Governor Darling, arriving in Sydney in 1825, promptly commenced a review of colonial administration and subsequently introduced vigorous reforms. On advice from Viscount Goderich, Darling divided colonial expenditure into two parts: one to cover civil administration, funded by New South Wales; the other for the convict system, funded by Britain (ibid, 10).

By this time, J.McBrien and Robert Hoddle had surveyed the existing grants in the vicinity. Surveyor James Bym Richards began work on the south side of the river in 1826. But the town was apparently designed by Thomas Mitchell in 1830 and did not open until late 1833 after Richards had completed the layout of the streets with their two-road allotments. The first sales were held in 1831 before the survey was complete (ibid, 10).

In 1832 the new Governor, Major General Sir Richard Bourke, visited Bathurst in October. He instructed the Surveyor General Major Thomas L. Mitchell to make arrangements for 'opening the town of Bathurst without delay' and he in turn instructed the Assistant Surveyor at Bathurst J.B. Richards to lay out the blocks and streets. This was done in September 1833. It is believed that Major Mitchell named the streets, with George Street being named after King George III.

Bridging the Macquarie River:
Despite the growing importance of Bathurst as the principal urban centre over the Blue Mountains, the Macquarie River, which flows past the town on the Sydney side, was not bridged until 1856.

After years of local agitation, a long timber bridge with five laminated timber arches was started in 1855 and was opened on 1 January 1856 by the Governor, Sir William Denison. A bullock was roasted on a spit and 3000 people celebrated the new bridge, named after the Governor.

This was the last 'official' bridge designed by the Colonial Architect's Department under its brief direction by architect and engineer, William Weaver (1828-68). It was supervised by his Clerk of Works, WIlliam Downey, during 1855 (Maguire, 1984, 46).

Eleven days later another bridge over the Macquarie River a kilometre downstream was opened by a local entrepreneur, George Ranken (frequently quoted as Rankin): this bridge was known as the Eglinton Bridge or Rankin's Bridge.

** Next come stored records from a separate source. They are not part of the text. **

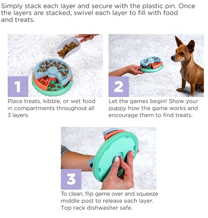 Gra Lickin Layers Puppy zachęca do swobodnej zabawy w poszukiwanie smakołyków! Zacznij od napełnienia przegródek przysmakami lub suchą karmą. Potem zachęć pupila do eksploracji zabawki.
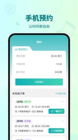 1、手机预约功能让用户随时随地进行课程和练习室的预约,避免了传统预约方式的繁琐,提升了学习效率。
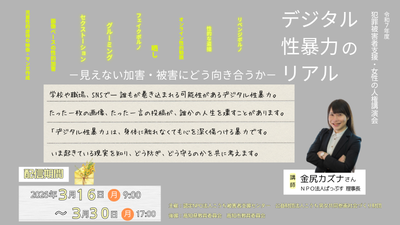 - 【オンデマンド配信】令和7年度 犯罪被害者支援・女性の人権講演会デジタル性暴力のリアルー見えない加害・被害にどう向き合うかー
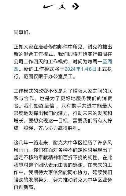 聯(lián)商快訊:10月20日,耐克大中華區(qū)近日發(fā)布內(nèi)部信,宣布推出新的混合工作模式。在新模式下,每周在公司工作四天,時(shí)間為每周一至周四。新的工作模式將于2024年1月8日正式執(zhí)行,范圍僅限于辦公室員工。
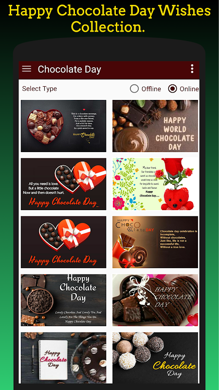 💕 It has a huge collection of chocolate day wishes. it's say is to happy chocolate day by using this app.🍫
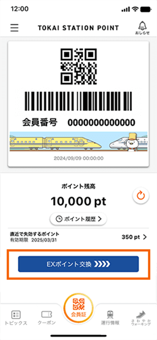 会員証の画面から「EXポイント交換」のボタンをタップします。
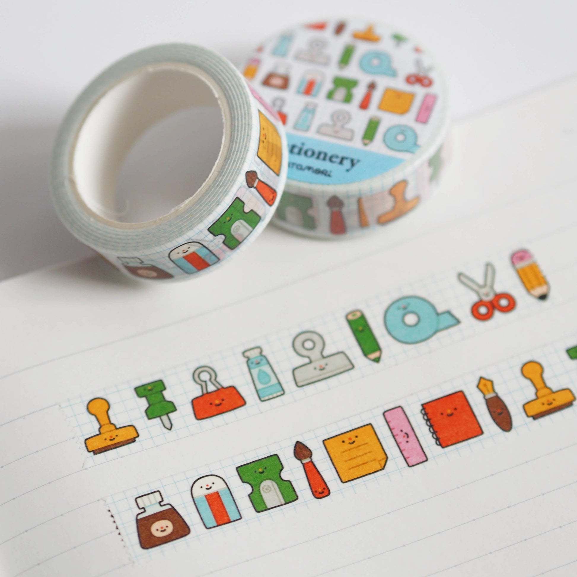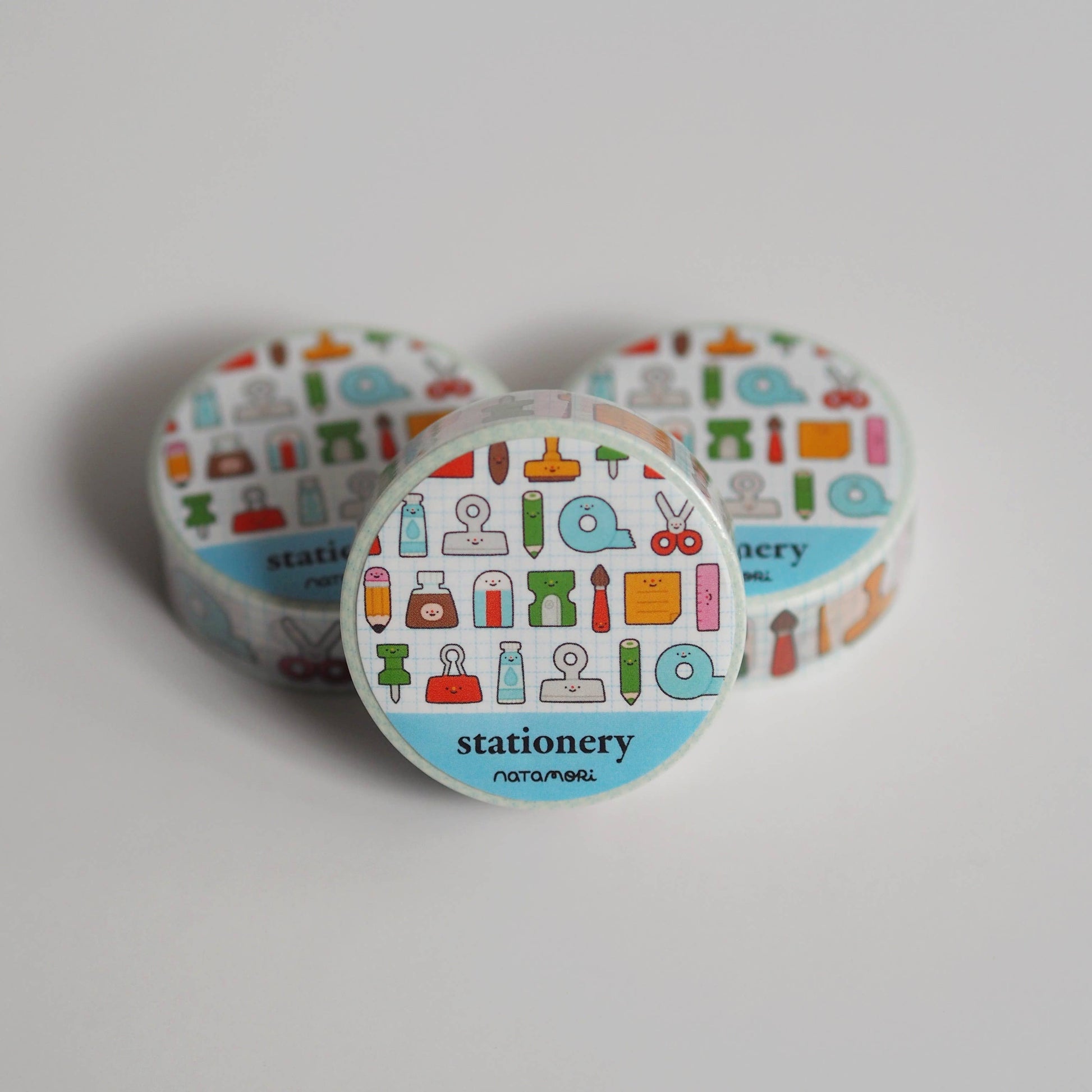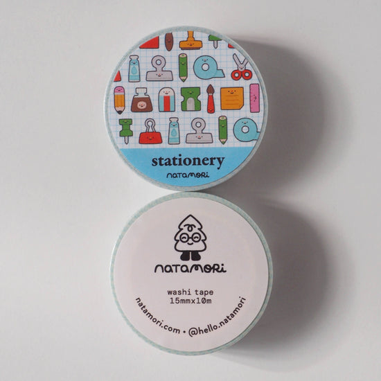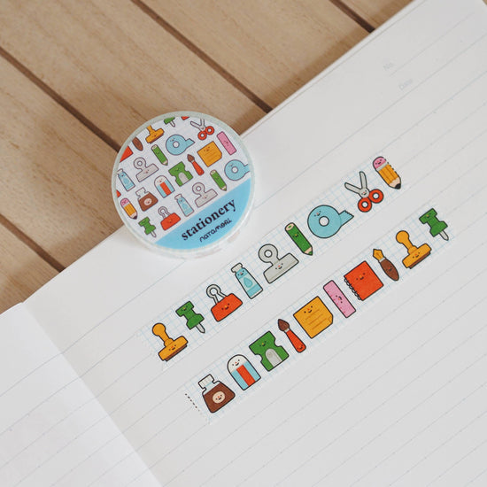 Un ruban washi joyeux et délicatement illustré, pensé comme une véritable ode à la papeterie. Tampons, ciseaux, carnets, crayons et petits accessoires souriants se succèdent tout au long du ruban, dans l’univers tendre et ludique propre à Natamori.
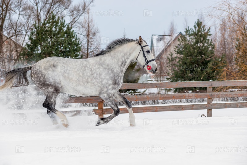 Чистокровная лошадь мчится по полю зимой
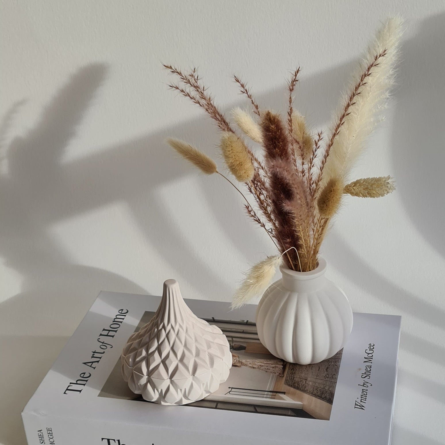 With a dome-like lid and carved geometric base, it draws inspiration from the silhouettes of traditional minarets and the craft of hand-carved stone. Each curve and facet reflects the balance between heritage and modern simplicity.
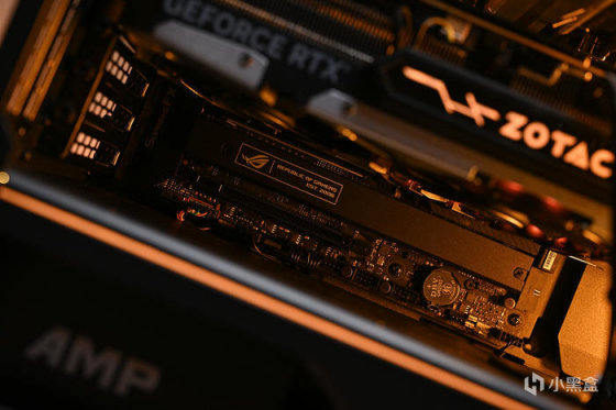 ROG MAXIMUS Z790 HERO的包裝盒內還附贈了一張 ROG HYPER M.2 CARD 拓展卡,單槽位設計,通體由兩塊厚實的鋁合金加工而成,可以提供兩個額外的 M.2 硬盤位,其中 1 個支持 PCIe 5.0。金屬裝甲非常厚實,預貼導熱貼,爲固態硬盤穩定運行提供低溫保障。
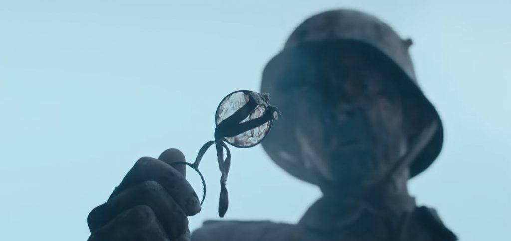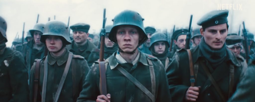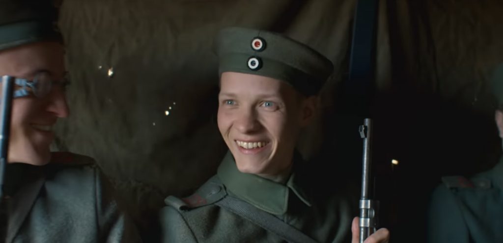 Сразу следует сказать, что в ремейке ничего нового не будет. И на этот раз первоначальная эйфория сменяется разочарованием и ужасом. Война ведь не только жестока, она ещё и бессмысленна: пока люди гибнут с обеих сторон, на линии фронта ничего существенного не меняется. И Эдвард Бергер смакует эту бессмысленность. В самом начале Паулю Боймеру (Феликс Каммерер) выдают форму, а внутри имя другого человека - смерть солдат является частью цикла.

The Denison Bridge was washed away by the great flood of 1867 and its debris also destroyed Rankin's Bridge, so after eleven years of having two bridges, Bathurst again found itslelf with only a ford or a ferry to cross the Macquarie. A narrow temporary wooden bridge was put across near the remains of the Denison Bridge later in 1867, but this was closed for safety reasons in June 1868. The government recognised that a permanent replacement was urgently needed. A new site was chosen 100 metres downstream from the first Denison Bridge and a realignment was made to the road approaches.

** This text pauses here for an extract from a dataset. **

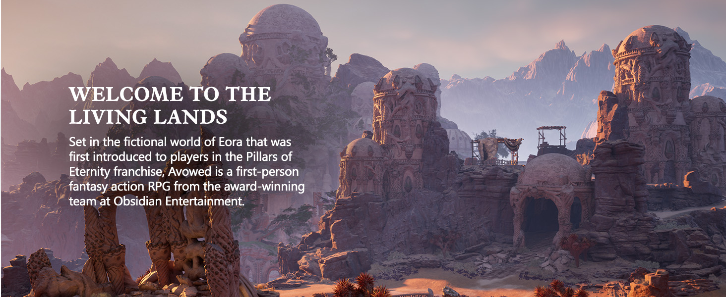 Premium Edition SteelBook includes: Avowed base game, up to 5 days early access, Avowed SteelBook®, Living Lands map, two Premium Skin Packs, and access to Avowed Digital Artbook & Original Soundtrack. Welcome to the Living Lands, a mysterious island filled with adventure and danger. Set in the fictional world of Eora that was first introduced to players in the Pillars of Eternity franchise, Avowed is a first-person fantasy action RPG from the award-winning team at Obsidian Entertainment. You are the envoy of Aedyr, a distant land, sent to investigate rumors of a spreading plague throughout the Living Lands—an island full of mysteries and secrets, danger and adventure, choices and consequences, and untamed wilderness. You discover a personal connection to the Living Lands and an ancient secret that threatens to destroy everything. Can you save this unknown frontier and your soul from the forces threatening to tear them asunder?
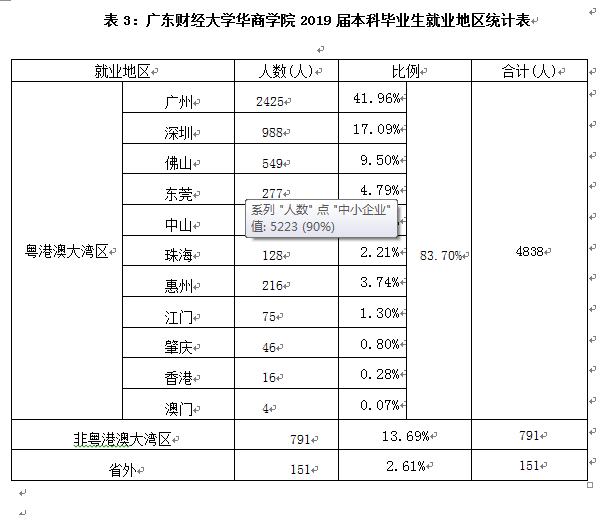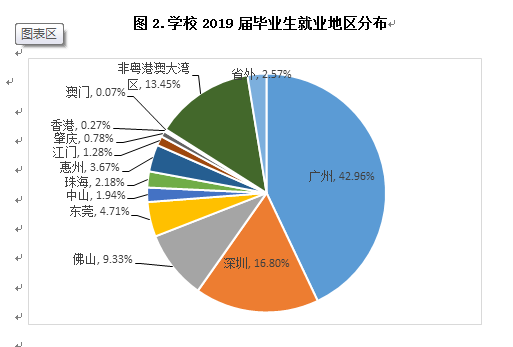 截至2019年9月1日止,学校2019届已就业本科毕业生总数为5780人,其中在粤港澳大湾区就业的有4838人,占已就业本科生人数的83.70%;在非粤港澳大湾区外的有791人,占全校已就业本科生人数13.69% ;在外省就业的有 151人,占全校已就业本科生人数 2.61% 。我们学校进入粤港澳大湾区地区的人数比例很大,说明学校学生比其他学校学生相比思维更加活跃,更加富有创新,冒险精神,更加具备创业者的相关素质和性格。同时也从侧面反应出学校的教学水平高,学校就业范围浓厚,接受粤港澳大湾区的挑战。

The new Denison Bridge was designed by Gustavus Alphonse Morrell, Assistant Engineer to the Department of Roads and foundation member of the Engineering Association of NSW. The bridge contract drawings bear Morrell's signature and that of William Christopher Bennett, Commissioner for Roads.

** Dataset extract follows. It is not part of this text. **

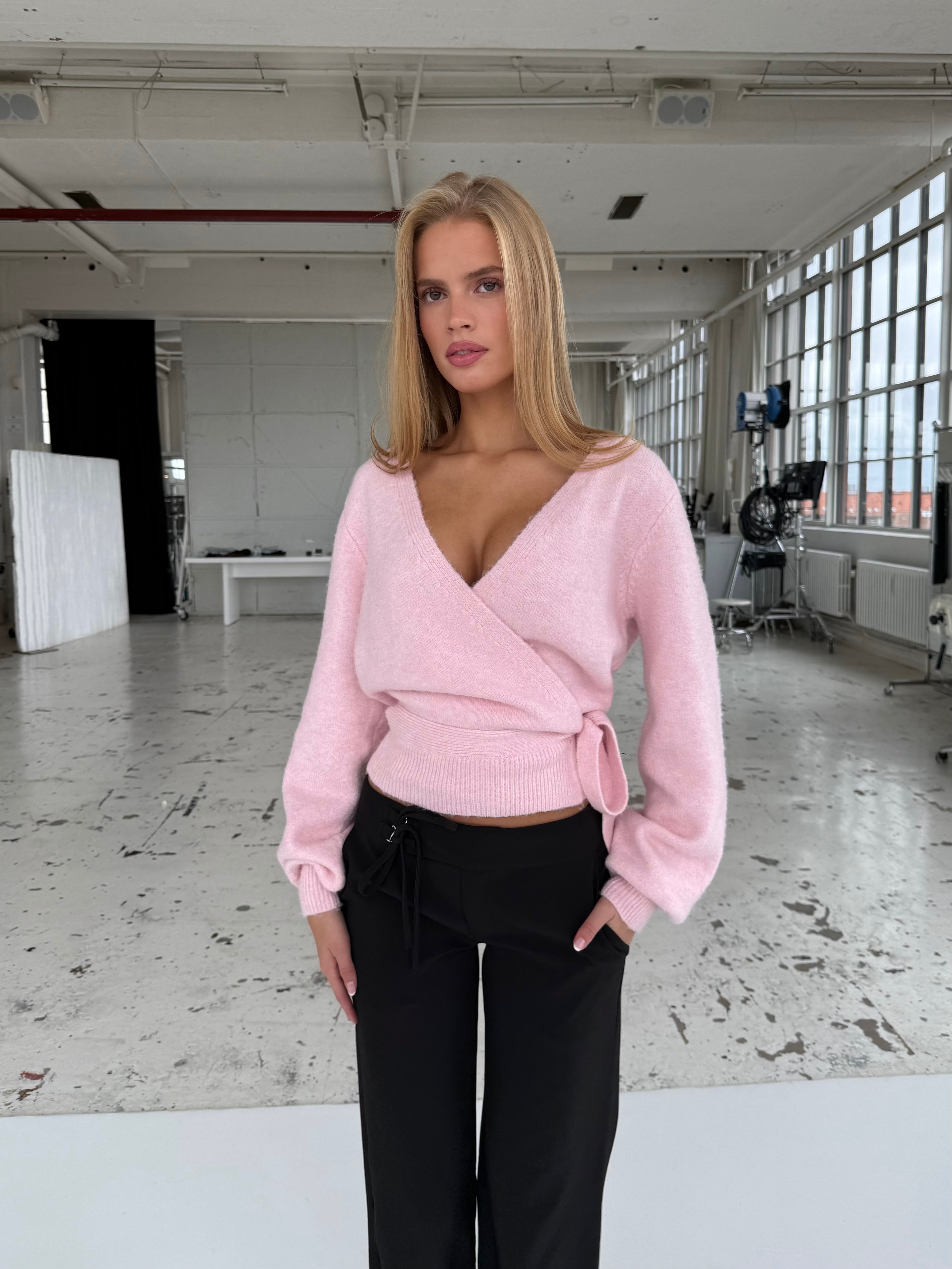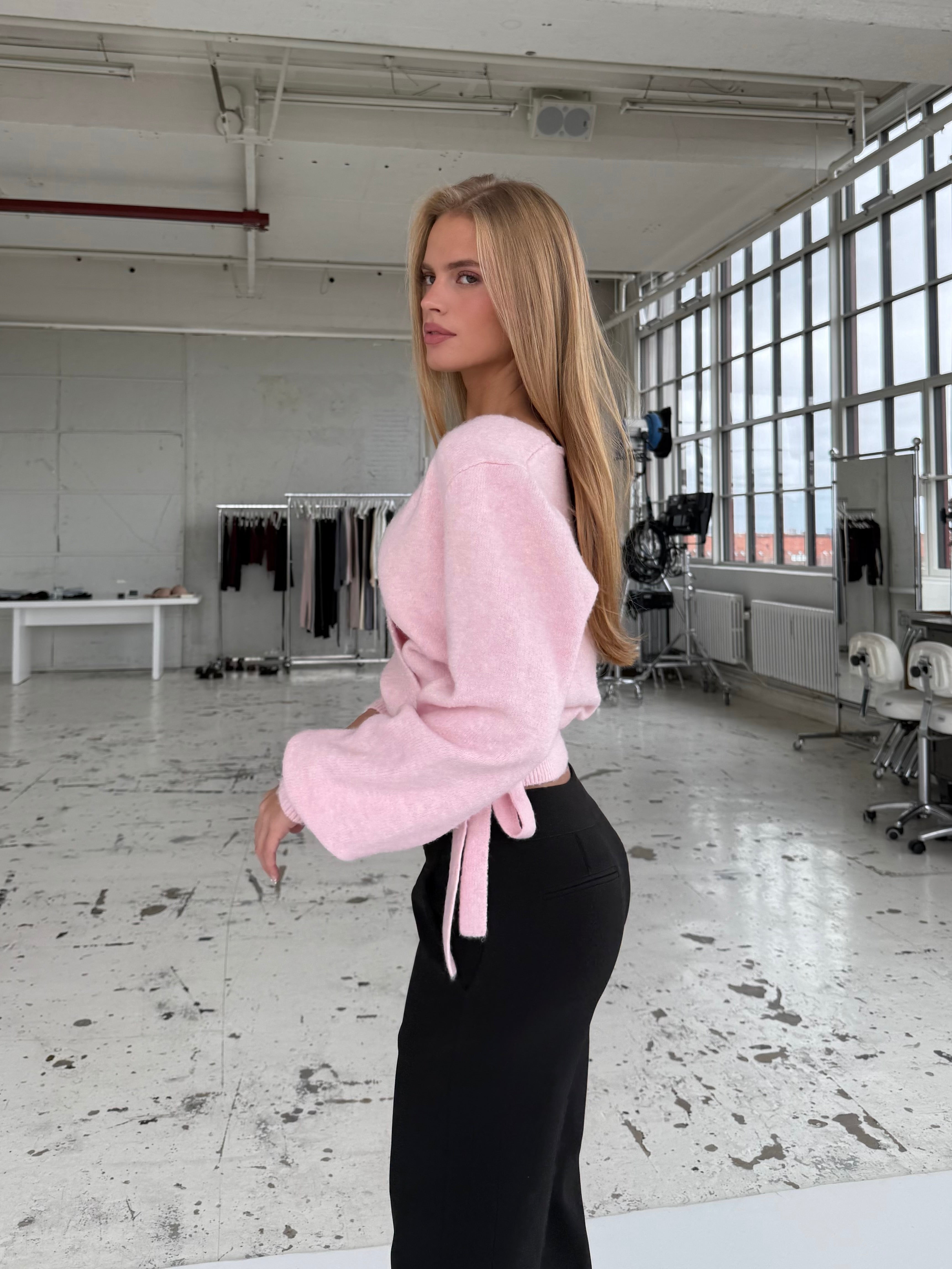 Cardigan in the softest material, made from a wool blend. It is tied at the side and can be tightened as desired.

The bridge was constructed in 1869 to 1870 by the prominent engineering firm, P. N. Russell & Co at a cost of 18,818 pounds through the NSW Public Works Department. Most of the angle irons and bars were specially rolled for the job at P. N. Russell & Co's Pyrmont Rolling Mills and at Bathurst's two iron foundries of that time, including the nearby Denison Foundry. Only heavy iron plates and bars were imported.

Like the first bridge, the new one was opened by the Governor of the time, who was now the Earl of Belmore. Denison had left the colony in 1861 for Madras and then to retirement in England, where he died in 1871. But the new bridge, opened in June 1870, was the replacement of the Denison Bridge of 1856 and the name of Denison was retained.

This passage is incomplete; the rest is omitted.